Proc Natl Acad Sci U S A. 2017 Nov 14;114(46):E9999-E10008. doi: 10.1073/pnas.1714380114. Epub 2017 Oct 30.
6
StructureSelector: A web-based software to select and visualize the optimal number of clusters using multiple methods.结构选择器:一个基于网络的软件,可使用多种方法选择和可视化最佳的聚类数量。
Mol Ecol Resour. 2018 Jan;18(1):176-177. doi: 10.1111/1755-0998.12719. Epub 2017 Oct 9.
7
CONFIDENCE LIMITS ON PHYLOGENIES: AN APPROACH USING THE BOOTSTRAP.系统发育树的置信区间:一种使用自展法的方法。

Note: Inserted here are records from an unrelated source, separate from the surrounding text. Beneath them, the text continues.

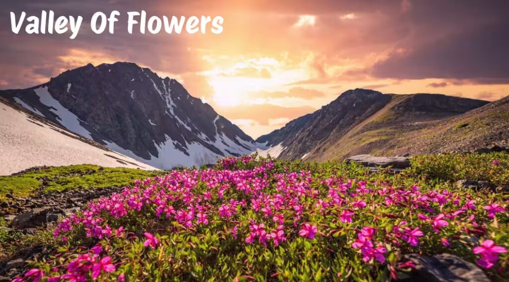 Valley of Flowers in Uttarakhand, decorated with colorful flowers blooming in the rainy season, surrounded by the snow-covered Himalayan hills all around.
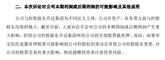 据公告,法院判决若升达集团不履行还款义务,华宝信托有权以拍卖、变卖上述质押财产所得的价款优先受偿。*ST升达表示,截至目前,上述诉讼不会对公司的本期利润或后期利润产生重大影响,但因公司控股股东升达集团所持公司的全部股票被质押、冻结,如果华宝信托处置质押股票可能影响到公司控股权的变动会导致公司控股股东变更,对公司的股票交易有重大影响。
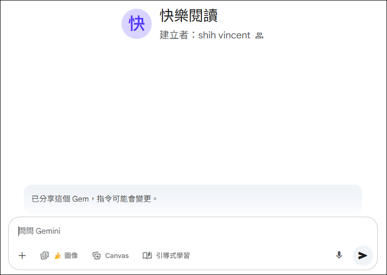 學生可以使用 Canvas 模式、可使用 Gem。無論是教師還是學生,都能從中受惠。現在 Google Gemini 的 Gem 已經開放分享功能,讓教學應用更具彈性與合作性。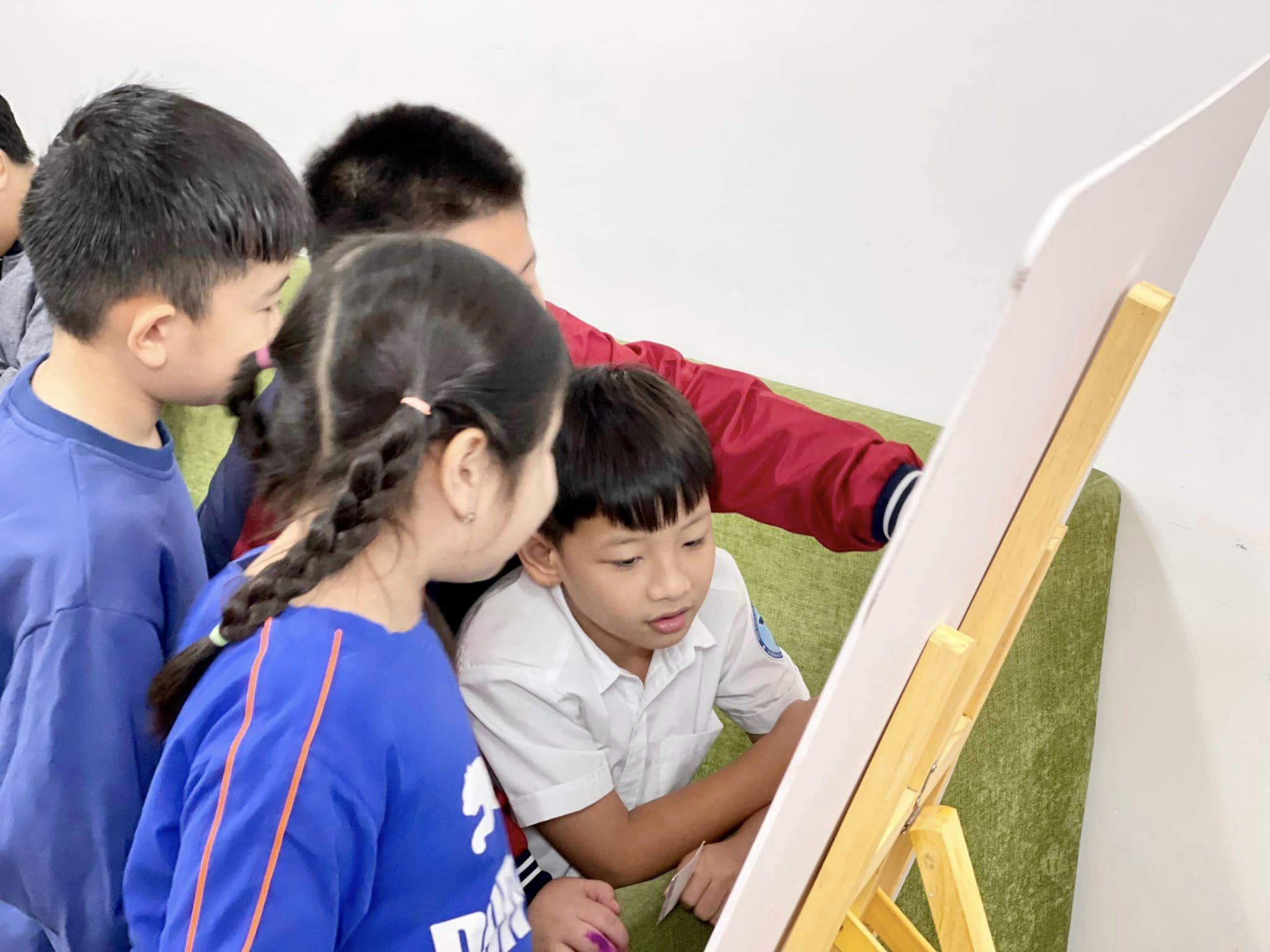 Các bạn học sinh tại cơ sở Láng Hạ đang cùng nhìn lại những lời chúc của mình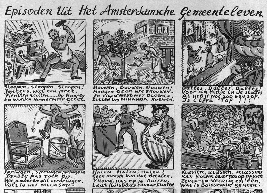 Fragment of a picture story about Amsterdam politics from 1927, dealing with the building of new laborer's houses under direction of alderman Floor Wibaut, among other things.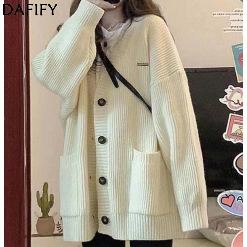 DAFIFY Women's Fashion Casual Fall Winter Solid Color Print Long Sleeve V-Neck Sweaters — buy online with free worldwide shipping!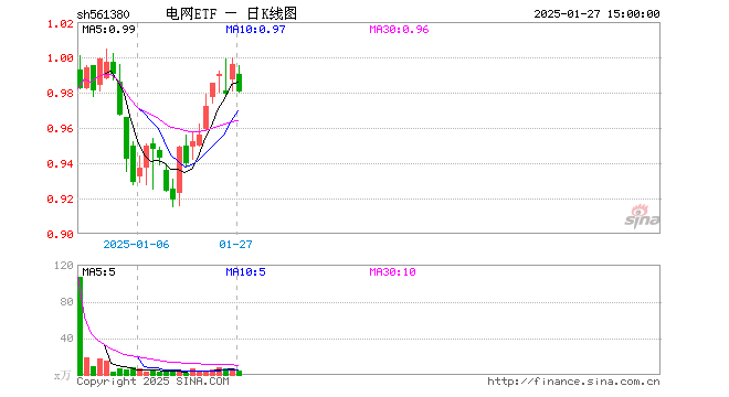 1月27日,电网ETF(561380)跌1.61%,成交额392.92万元。当日份额减少100.00万份,最新份额为1.02亿份,近20个交易日份额减少1300.00万份。最新资产净值计算值为1.00亿元。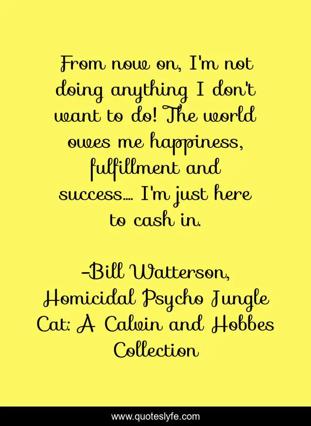 This page presents the quote "From now on, I'm not doing anything I don't want to do! The world owes me happiness, fulfillment and success.... I'm just here to cash in.". Author of this quote is Bill Watterson, Homicidal Psycho Jungle Cat: A Calvin and Hobbes Collection. .

Evolution. 1985 Jul;39(4):783-791. doi: 10.1111/j.1558-5646.1985.tb00420.x.
8
Morphological Characterization and Chemical Composition
of Fruits of the Traditional Croatian Chestnut Variety
'Lovran Marron'.克罗地亚传统板栗品种“洛夫兰·马龙”果实的形态特征与化学成分
Food Technol Biotechnol. 2016 Jun;54(2):189-199. doi: 10.17113/ftb.54.02.16.4319.
9
Hybridization and extinction.杂交与灭绝。
Evol Appl. 2016 Feb 22;9(7):892-908. doi: 10.1111/eva.12367. eCollection 2016 Aug.
10
Interspecific hybridization impacts host range and pathogenicity of filamentous microbes.种间杂交会影响丝状微生物的宿主范围和致病性。
Curr Opin Microbiol. 2016 Aug;32:7-13. doi: 10.1016/j.mib.2016.04.005. Epub 2016 Apr 23.